In an unusual order, U.S. District Judge Aileen Cannon had asked prosecutors and defense lawyers to file proposed jury instructions for most of the charges even though it remains unclear when the case might reach trial. She asked the lawyers to respond to competing interpretations of the law that appeared to accept the Republican ex-president’s argument that he was entitled under a statute known as the Presidential Records Act to retain the sensitive documents he is now charged with possessing.

The order surprised legal experts and alarmed special counsel Jack Smith’s team, which said in a filing late Tuesday that that 1978 law — which requires presidents to return presidential records to the government upon leaving office but permits them to retain purely personal ones — has no relevance in a case concerning highly classified documents.

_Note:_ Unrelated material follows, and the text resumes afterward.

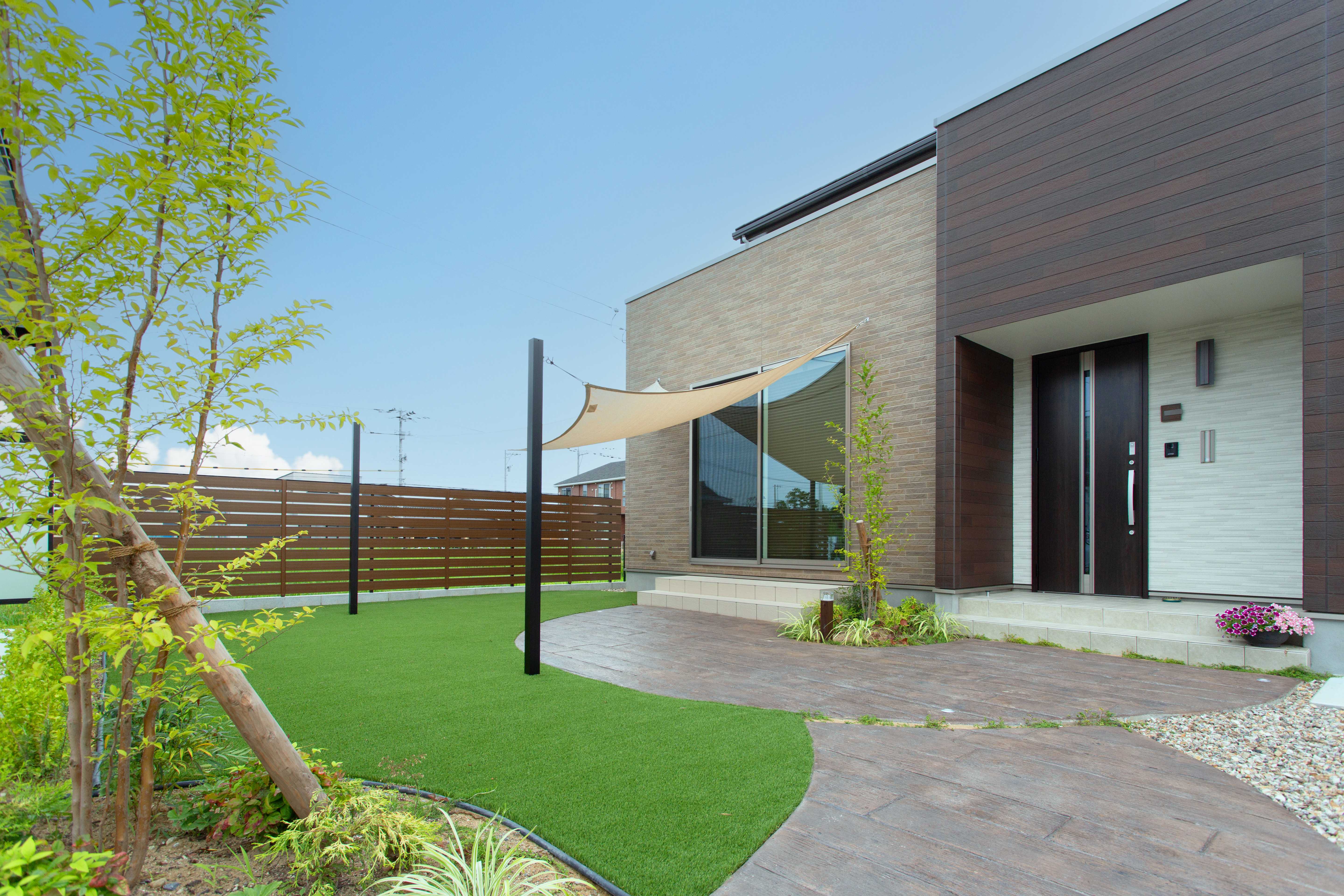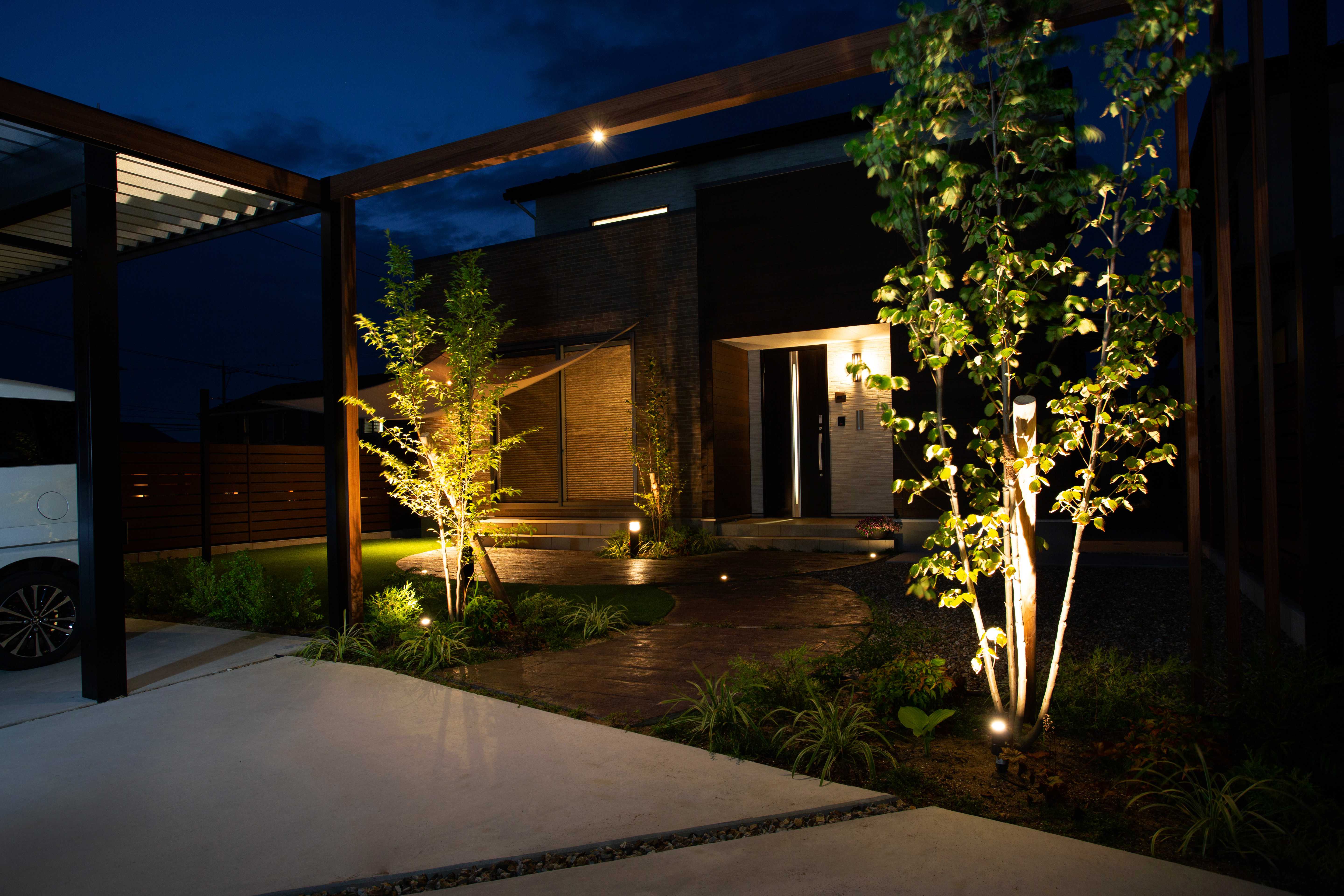 要望は正面にメインとなるお庭とカーポート、ライトアップを含めたトータルエクステリアでかっこよくしたいというご要望です。

Those records, prosecutors said, were clearly not personal and there is no evidence Trump ever designated them as such. They said that the suggestion he did so was “invented” only after it became public that he had taken with him to his Mar-a-Lago estate in Palm Beach, Florida, after his presidency boxes of records from the White House and that none of the witnesses they interviewed in the investigation support his argument.

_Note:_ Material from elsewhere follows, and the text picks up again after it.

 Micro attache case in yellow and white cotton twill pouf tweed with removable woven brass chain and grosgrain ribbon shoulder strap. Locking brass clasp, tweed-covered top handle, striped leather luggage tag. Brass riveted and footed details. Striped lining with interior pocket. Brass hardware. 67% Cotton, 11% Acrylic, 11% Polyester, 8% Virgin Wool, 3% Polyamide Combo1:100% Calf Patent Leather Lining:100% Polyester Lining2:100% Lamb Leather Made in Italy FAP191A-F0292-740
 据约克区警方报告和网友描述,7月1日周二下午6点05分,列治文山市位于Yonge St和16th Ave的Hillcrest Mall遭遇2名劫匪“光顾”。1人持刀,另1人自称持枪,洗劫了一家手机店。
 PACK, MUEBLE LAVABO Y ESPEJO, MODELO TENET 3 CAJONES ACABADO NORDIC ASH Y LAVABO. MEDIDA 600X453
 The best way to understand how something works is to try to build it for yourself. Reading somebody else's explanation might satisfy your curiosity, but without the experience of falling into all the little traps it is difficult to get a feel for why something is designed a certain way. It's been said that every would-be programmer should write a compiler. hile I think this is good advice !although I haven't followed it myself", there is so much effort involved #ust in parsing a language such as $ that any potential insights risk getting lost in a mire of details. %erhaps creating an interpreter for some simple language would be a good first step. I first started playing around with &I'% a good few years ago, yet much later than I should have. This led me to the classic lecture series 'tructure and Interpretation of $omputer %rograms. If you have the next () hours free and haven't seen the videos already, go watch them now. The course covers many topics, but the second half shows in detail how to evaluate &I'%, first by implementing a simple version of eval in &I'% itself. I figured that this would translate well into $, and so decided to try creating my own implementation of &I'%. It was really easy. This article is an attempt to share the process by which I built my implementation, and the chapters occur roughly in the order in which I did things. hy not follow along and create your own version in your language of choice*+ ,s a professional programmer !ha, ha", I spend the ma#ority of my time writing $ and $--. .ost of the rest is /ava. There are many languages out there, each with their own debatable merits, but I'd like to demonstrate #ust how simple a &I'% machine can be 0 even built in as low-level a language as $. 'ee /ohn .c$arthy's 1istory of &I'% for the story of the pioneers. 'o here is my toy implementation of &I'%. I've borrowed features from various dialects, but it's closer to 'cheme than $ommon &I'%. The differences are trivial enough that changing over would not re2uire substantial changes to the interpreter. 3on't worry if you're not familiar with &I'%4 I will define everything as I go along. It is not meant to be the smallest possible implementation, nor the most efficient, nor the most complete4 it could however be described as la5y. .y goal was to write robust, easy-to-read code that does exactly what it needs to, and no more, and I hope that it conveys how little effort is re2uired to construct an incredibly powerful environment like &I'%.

“Not a single one had heard Trump say that he was designating records as personal or that, at the time he caused the transfer of boxes to Mar-a-Lago, he believed that his removal of records amounted to designating them as personal under the PRA,” prosecutors wrote. “To the contrary, every witness who was asked this question had never heard such a thing.”

Smith’s team said that if the judge insists on citing the presidential records law in her jury instructions, she should let the lawyers know as soon as possible so they can appeal.

The filing reflects continued exasperation by prosecutors at Cannon’s handling of the case.

The Trump-appointed judge has yet to rule on multiple defense motions to dismiss the case as well as other disagreements between the two sides, and the trial date remains in flux, suggesting that a prosecution that Smith’s team has said features overwhelming evidence could remain unresolved by the time of the November presidential election.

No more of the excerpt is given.